# Yet-another RK4 n-body problem

1. Jun 5, 2010

### pretzsp

1. The problem statement, all variables and given/known data

Implementing the 4th order Runge-Kutta method for an n-body problem

2. Relevant equations

The RK4 method for the IVP y' = f(t,y), y(t0) = y0, is given by
y_(n+1) = y_n + (1/6)(k1 + 2 k2 +2 k3 + k4)
t_(n+1) = t_n + h

where

k1 = h f(t_n,y_n)
k2 = h f(t_n+ h/2, y_n + k1/2)
k3 = h f(t_n+ h/2, y_n + k2/2)
k4 = h f(t_n+ h/2, y_n + k3)

3. The attempt at a solution

I'm trying to simulate some n-body problems using the Runge-Kutta 4th Order method on Mathematica.
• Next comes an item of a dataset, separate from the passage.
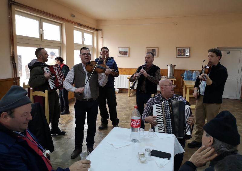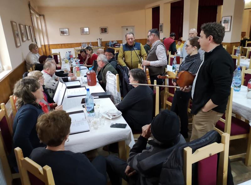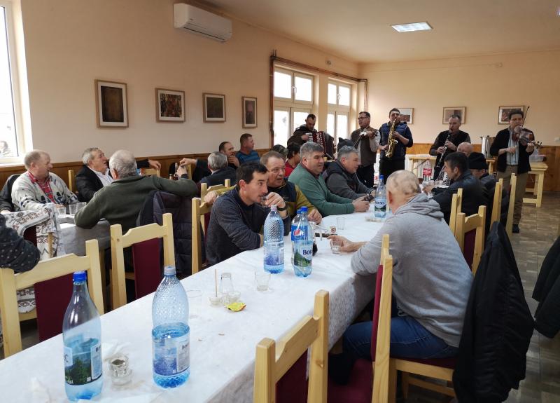 Az est hátralévő része disznótoros vacsorával, közös nótázással, eszmecserékkel és beszélgetésekkel telt.

I have something that works, for just the most simple problem of one body orbiting about a fixed mass.

step[data_] := (
t = data[[1]]; kx1 = data[[2]]; kx2 = data[[3]]; kx3 = data[[4]]; kx4 = data[[5]]; kv1 = data[[6]]; kv2 = data[[7]]; kv3 = data[[8]]; kv4 = data[[9]]; v = data[[10]]; x = data[[11]];

{t + h,

h ((1/m2) GravForce[m1, {0, 0}, m2, x]),
h ((1/m2) GravForce[m1, {0, 0}, m2,
x + k1/2]),
ht ((1/m2) GravForce[m1, {0, 0}, m2,
x + k2/2]),
h ((1/m2) GravForce[m1, {0, 0}, m2,
x + k3]),

h v,
h (v + k1 /2),
h (v + k2/2),
h (v + k3),

v + (1/6) (k1 + 2 k2 + 2 k3 + k4),
x + (1/6) (vk1 + 2 vk2 + 2 vk3 + vk4)

}

But I'm fairly sure that this is entirely wrong despite the fact that it gives me a "correct" result - for one thing, it's not significantly more accurate with the same value of h than Euler's Method. The other is that the functions themselves look completely and utterly wrong.

Could someone help me out here? This is really spinning my head around.

I'm not really looking for help with Mathematica, just more of a general guide on how Runge-Kutta is supposed to work for a system like this.

Last edited: Jun 5, 2010